When you reference a collection ID in an evaluation request, EvalHub expands it: it reads the benchmark list, groups benchmarks by provider, routes each group to the appropriate backend in parallel, applies the weights, and returns a two-tier result: collection-level aggregate and per-benchmark breakdown.
The Leaderboard v2 collection: A system baseline worth understanding
Leaderboard v2 (leaderboard-v2) is EvalHub's implementation of the Open LLM Leaderboard v2 benchmark suite, which is the current standard for comparing general-purpose instruction-tuned models. It comprises six benchmarks, all executed via lm_evaluation_harness:
id: leaderboard-v2
category: leaderboard
description: "Leaderboard v2"
tags:
- leaderboard
pass_criteria:
threshold: 38.0
benchmarks:
- id: leaderboard_ifeval
provider_id: lm_evaluation_harness
metric: inst_level_strict_acc
threshold: 80.0
weight: 1
lower_is_better: false
- id: leaderboard_bbh
provider_id: lm_evaluation_harness
metric: acc_norm
threshold: 68.0
weight: 1
lower_is_better: false
- id: leaderboard_gpqa
provider_id: lm_evaluation_harness
metric: acc_norm
threshold: 40.0
weight: 1
lower_is_better: false
- id: leaderboard_mmlu_pro
provider_id: lm_evaluation_harness
metric: acc_norm
threshold: 60.0
weight: 1
lower_is_better: false
- id: leaderboard_musr
provider_id: lm_evaluation_harness
metric: acc_norm
threshold: 38.0
weight: 1
lower_is_better: false
- id: leaderboard_math_hard
provider_id: lm_evaluation_harness
metric: exact_match
threshold: 55.0
weight: 1
lower_is_better: falseWhy these six benchmarks
Each benchmark measures a qualitatively distinct capability:
| Benchmark | What it actually measures | Key callout |
|---|---|---|
| IFEval | Instruction following: can the model do what it is told, in the format it is told | The largest differentiator between base and instruction-tuned models at the <80B scale. |
| BBH | Chain-of-thought reasoning across 23 hard tasks where earlier models scored below human-level | Relatively stable across well-tuned 70B models; Phi-4 (14B) scores around 65, which is above many larger models. |
| GPQA | PhD-level science reasoning in biology, physics, and chemistry | Hardest discriminator in this class. PhD experts score 65%, skilled non-experts 34%; frontier GPT-4 baselines hit only 39% at initial release. |
| MMLU-Pro | Reasoning-centric knowledge across 12,000+ graduate-level questions in 14+ domains | Anything above 55 is competitive; Gemma-3-27B and Phi-4 land 57–62 at this tier. |
| MuSR | Multi-step logical reasoning inside long-form narrative text (murder mysteries, etc.) | Notoriously noisy. Even Qwen2.5-72B scores 11.7, so a score above 30 is solid. |
| Math-Lvl-5 | The hardest 1,324 problems from the MATH dataset—competition math | Math-focused post-training shows clearly here; Phi-4 and Gemma-3-27B score higher per parameter than Llama-3.1-70B. |
Two-tier threshold logic
The collection defines thresholds at two levels, each serving a different purpose.

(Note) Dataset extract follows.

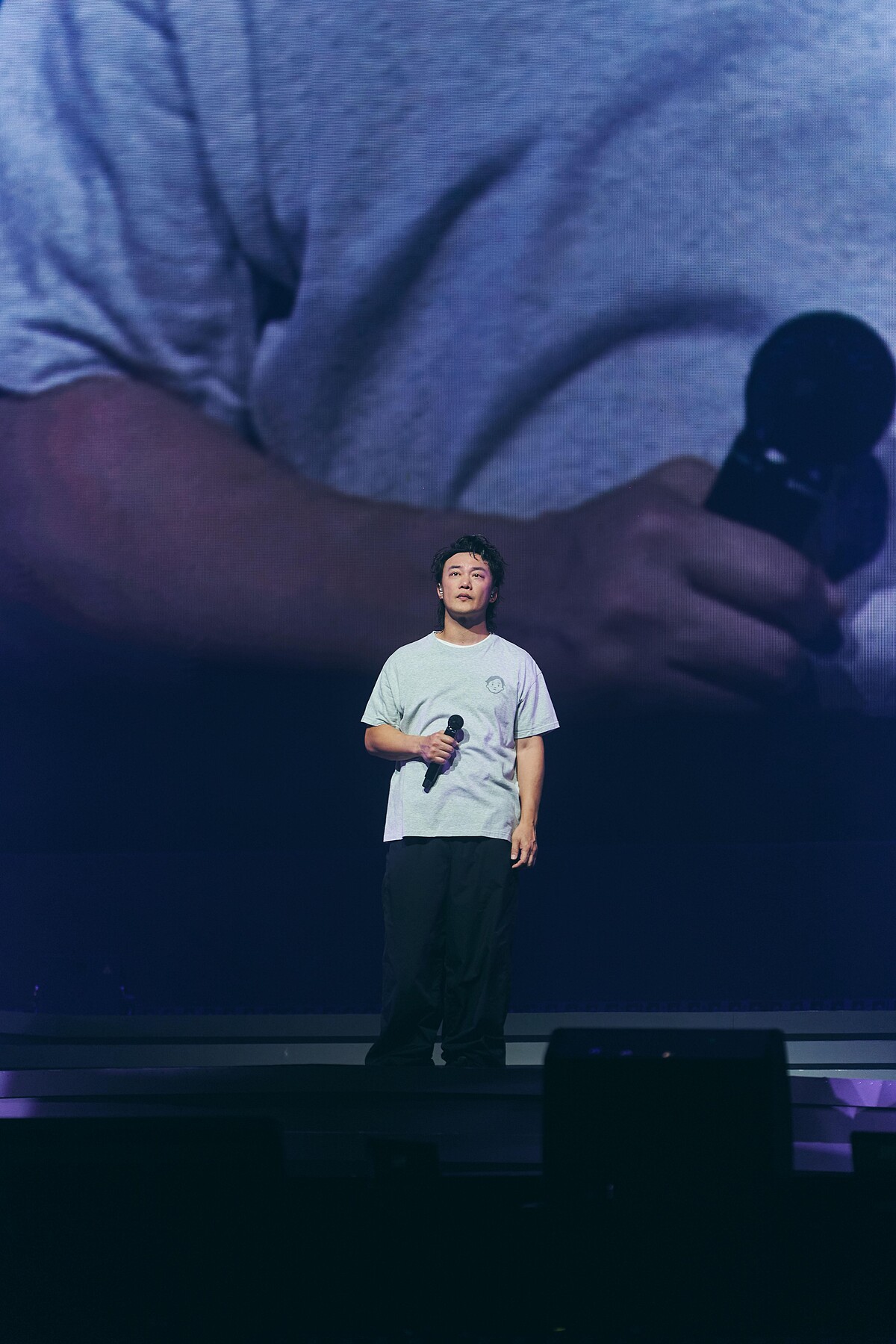 一口氣唱完28首歌後,Eason 停下來開口說:「我終於可以看清楚你們了,其實也沒有很清楚啦~因為我的近視、散光加深了,也開始有老花,沒關係,我們都會經歷的⋯⋯。」他想特別感謝每一位搶票的朋友,「你們真的太棒了!」隨即在台上跪謝,7分鐘完售,還完全不知道歌單的內容,台下歌迷們回應大喊「不重要!」而當台下粉絲應援舉牌「WE❤️EASON❤️TW」,Eason直呼:「我好感動,你們真的太厲害,非常愛你們。」更形容自己現在非常想做的就是跟每一個人都親嘴一下,幽默道:「一萬個人要親很久耶。」

Benchmark-level thresholds act as the per-dimension gates. They encode what a strong model looks like for a competitive <80B model in each specific capability:
| Benchmark | Threshold | Rationale |
|---|---|---|
| IFEval | 80.0 | A score above 65 indicates consistent instruction adherence; 80 represents frontier <80B performance (where Qwen2.5-72B scores around 86) |
| BBH | 68.0 | Top of the "strong" range for well-tuned 70B models |
| GPQA | 40.0 | Anything above 35 for a sub-80B model is strong; 40 marks the frontier tier |
| MMLU-Pro | 60.0 | Competitive bar for this tier; top models land 57–67 |
| MuSR | 38.0 | Top of what the best <80B models reliably achieve |
| Math-Lvl-5 | 55.0 | Strong post-training signal; above 55 is excellent for <80B |
The collection-level pass_criteria.threshold of 38.0 is not derived from a single benchmark. It is the weighted average that a model must clear across all six to be considered passing at the collection level. With equal weights, this is the arithmetic mean of the per-benchmark scores. The threshold of 38.0 represents a realistic genuinely capable bar. A model scoring above this average across all six benchmarks clears a broader capability floor than any individual benchmark can establish.
Here is a practical, competitive bar that distinguishes capable from average models at the <80B weight class:
IFEval ≥ 65 | BBH ≥ 55 | GPQA ≥ 25 | MMLU-Pro ≥ 50 | MuSR ≥ 25 | Math-Lvl-5 ≥ 35The Leaderboard v2 thresholds set a higher baseline, roughly 10 to 15 points higher. This is deliberate: system collections are conservative reference points, not deployment gates. Your custom collection is where you set the thresholds that actually matter for your use case.
Creating a custom collection
System collections, such as Leaderboard v2, are read-only. To define your own measurement strategy with different benchmarks, different weights, and thresholds calibrated to your use case, you create a user-scoped collection.
The full schema for a collection create request:
{
"name": "string (required)",
"category": "string (required)",
"description": "string (optional, max 1024 chars)",
"benchmarks": [
{
"id": "string (required) — benchmark identifier",
"provider_id": "string (required) — which backend runs this",
"metric": "string — primary metric name",
"threshold": "number — pass threshold for this benchmark",
"weight": "number (non-negative) — contribution to aggregate, default 1",
"lower_is_better": "boolean — score direction, default false",
"parameters": "object (optional) — benchmark-specific config",
"url": "string (optional) — custom provider URL"
}
],
"tags": ["string"],
"metadata": {"key": "value"},
"pass_criteria": {
"threshold": "number — collection-level aggregate threshold"
}
}Worked example: Adapting Leaderboard v2 for a production deployment gate
Suppose your team is deploying a general-purpose assistant on OpenShift, and you want a deployment gate that reflects your actual requirements rather than the frontier-optimized thresholds in the system collection. Your model is expected to handle instruction-following tasks and multi-step reasoning, but you are not optimizing for PhD-level science or competition math.
You want:
- Lower stakes on GPQA and Math-Lvl-5 (not your use case's core capability)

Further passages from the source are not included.